Догадайся тогда Воевода, из-за чего потерял сон его сын, он бы так не тревожился. Но не зря же опалило его сентябрьским порохом — в эти смутные времена грохочущих сапог только и думал он что о сыне, знал: не останется он в стороне, а если уж впутается во что-нибудь, спасения не будет. Месяцами ходил Воевода мрачнее тучи. Один сын у него. Мог ли он поделиться с ним своими страхами?
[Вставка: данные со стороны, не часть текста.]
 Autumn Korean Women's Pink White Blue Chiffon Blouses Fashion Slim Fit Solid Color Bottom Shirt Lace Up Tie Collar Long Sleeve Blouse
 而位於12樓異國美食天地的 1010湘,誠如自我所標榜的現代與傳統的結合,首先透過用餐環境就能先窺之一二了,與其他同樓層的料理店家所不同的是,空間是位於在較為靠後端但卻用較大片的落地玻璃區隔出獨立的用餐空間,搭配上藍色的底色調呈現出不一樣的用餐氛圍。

Оставалось следить за каждым его шагом, повторять потом в одиночестве в горах каждое его слово и радоваться, что сын вырос ему под стать, что нипочем ему никакие лишения на пути к добру, но где оно, это добро, и что оно такое вообще?
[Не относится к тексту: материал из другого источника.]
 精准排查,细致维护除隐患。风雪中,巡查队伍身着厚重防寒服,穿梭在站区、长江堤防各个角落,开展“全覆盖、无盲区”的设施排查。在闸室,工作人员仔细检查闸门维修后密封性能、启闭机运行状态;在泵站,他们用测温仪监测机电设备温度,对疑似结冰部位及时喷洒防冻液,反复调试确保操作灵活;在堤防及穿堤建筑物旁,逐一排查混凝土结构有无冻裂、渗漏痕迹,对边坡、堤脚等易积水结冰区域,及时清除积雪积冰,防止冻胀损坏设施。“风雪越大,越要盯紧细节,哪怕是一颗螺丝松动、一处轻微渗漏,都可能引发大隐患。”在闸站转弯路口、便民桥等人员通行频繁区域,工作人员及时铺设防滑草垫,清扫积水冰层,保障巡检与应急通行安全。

В тот же день он и сам вскинул на плечо мешок — пока не выпал снег, нужно было подзаработать, чтобы потом спокойно переждать коварную, суровую зиму, которая отрежет все дороги — и на лесопилку, и в город. Но ни в это тяжкое для него время, ни позже Воевода так ничего и не узнал о беспокойных днях, пережитых тогда Желязко. Парень думал совсем о другом. Лишь осенью, с началом учебного года, начались волнения и среди гимназистов. Призрак коричневой чумы еще стоял на горизонте, но уже вовсю шло массовое вовлечение учащихся в профашистские организации — легионы, дружины бранников; это в свою очередь должно было привести и к массовой перегруппировке левых сил молодежи. Никто не имел права оставаться в стороне от коричневого ветра времени. Иначе — смерть. Порой жизнь заставляет человека надевать на себя цепи, и часто гораздо более тяжелые, чем это в его силах. Но человек всегда находит в себе новые силы разбить цепи и заменить их на более легкие, а то и наоборот, и опять начинает все сначала. Этой осенью Желязко тоже предстояло решить, какие он себе выберет цепи — полегче или потяжелее. До поздней ночи сидели они на генеральской даче, слушали радиостанцию «Христо Ботев» из Москвы, советские и фашистские станции, слушали и Лондон, горя яростным стремлением отдать свои юные силы на защиту людей, стонущих под гнетом фашизма, любой ценой добраться до пылающего фронта и там на деле доказать свое бесстрашие.